皇帝陛下、今宵あなたを殺害いたします―復讐するのに溺愛しないでください―【コミカライズ原作】
「どうですか? 今宵のお相手に私などは?」
胸に手を当てて、少しだけ腰を折るスマートなダンスのお誘い。なんとなくわかってはいたけど、明らかに上流階級の出身だ。
いかにも“貴族”っていう女性が、そこらじゅうにいるのに。
なんで、庶民の私を誘うの?
もしかしてからかっている⋯⋯?
くり抜かれた2つの穴をジッと覗きこみ、思惑を探っていると、男の口元が「ふふっ」と緩む。
「そんなに警戒しないでください。“無礼講”ですよ」
甘く変化した空気にドキンっと心が跳ねる。
基本的にこのような場で男性の誘いを拒むのはマナー違反。でもそれとは別に、この男の誘いに乗らないと、後々後悔するような気をおこさせる不思議な雰囲気を持っている。

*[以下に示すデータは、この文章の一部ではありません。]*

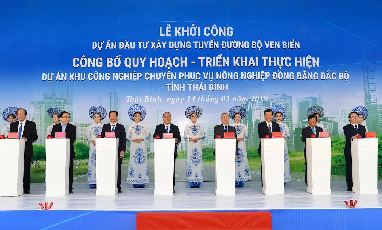 Thủ tướng Nguyễn Xuân Phúc dự lễ khởi công dự án Tuyến đường bộ ven biển tỉnh Thái Bình và công bố quy hoạch, triển khai thực hiện dự án Khu công nghiệp chuyên phục vụ nông nghiệp Đồng bằng Bắc Bộ.
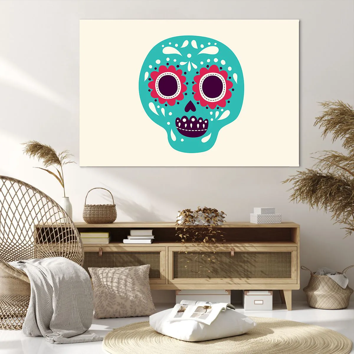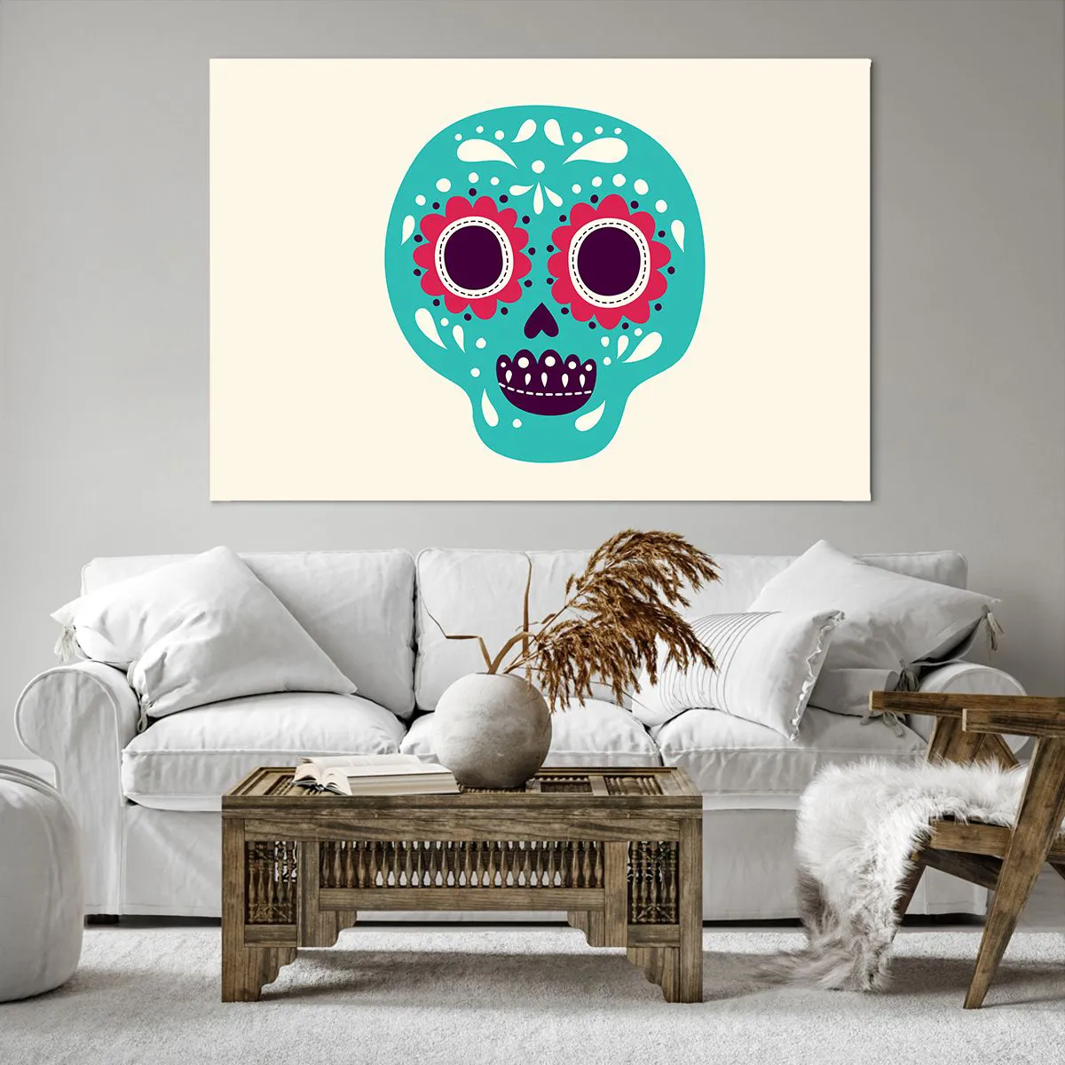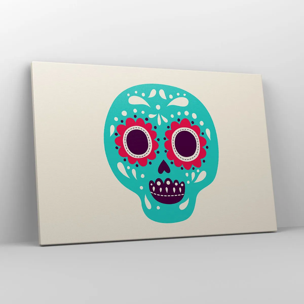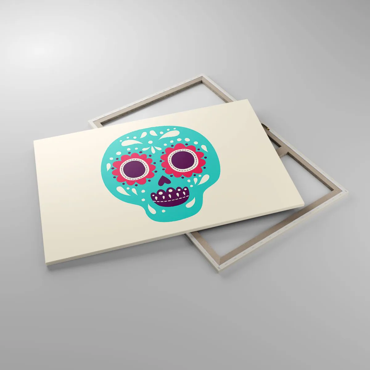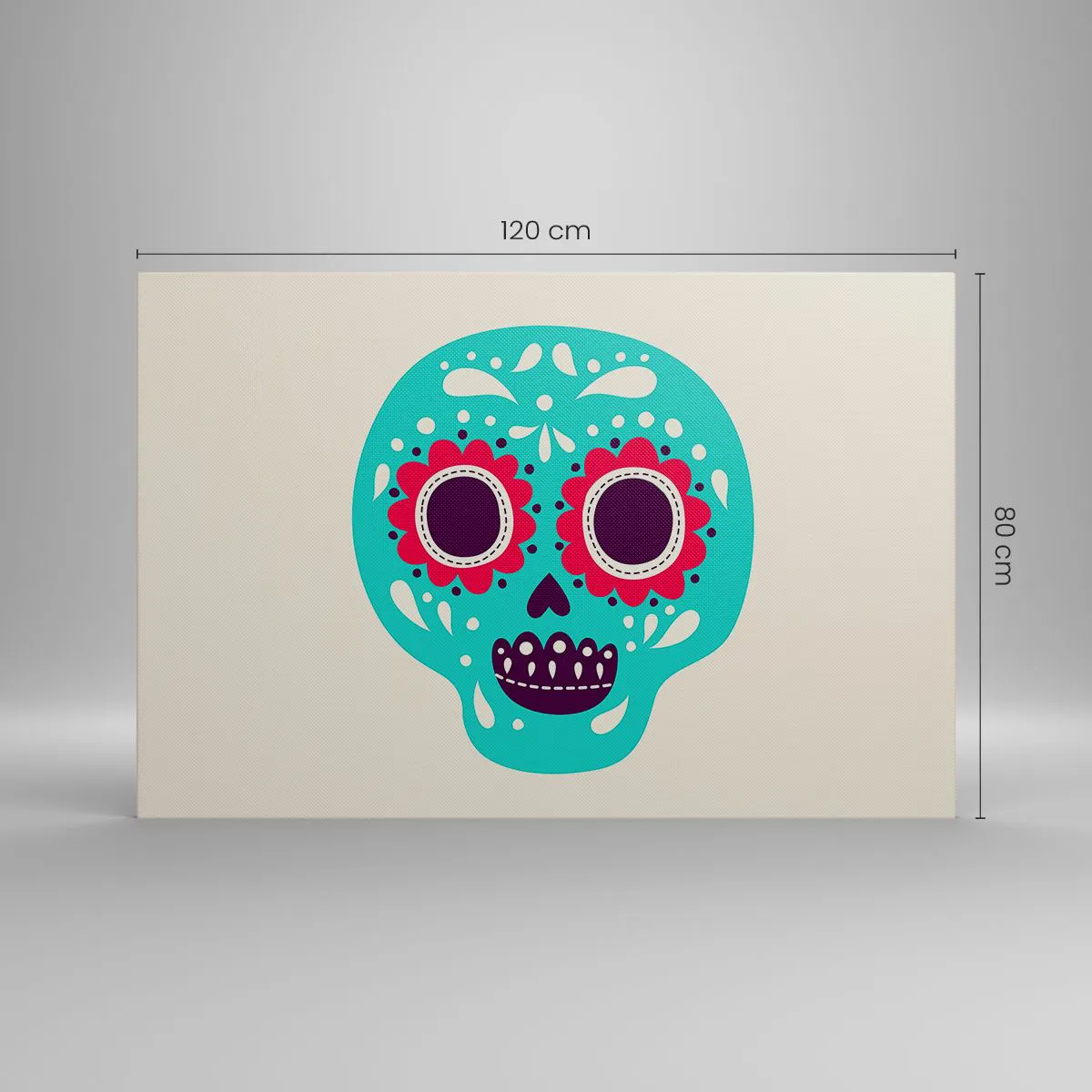Bild auf Leinwand - Leinwandbild - Ein türkis-violetter Zuckerschädel, inspiriert von der mexikanischen Kultur - 120x80cm - Das Leben – Spaß bis zum Tod - Moderne Wanddekoration für Wohnzimmer und Schlafzimmer ARTTOR

気づけば、オニキスのようなその瞳に魅了されるがまま、白い手袋に手を重ねていた。
「⋯⋯はじめてなので、優しくリードしてくださるなら」
「もちろん、大切に扱います。姫君」
安堵したように微笑んだ彼は、手の甲にキスを落とし、手慣れたように私をダンスホールへとエスコートした。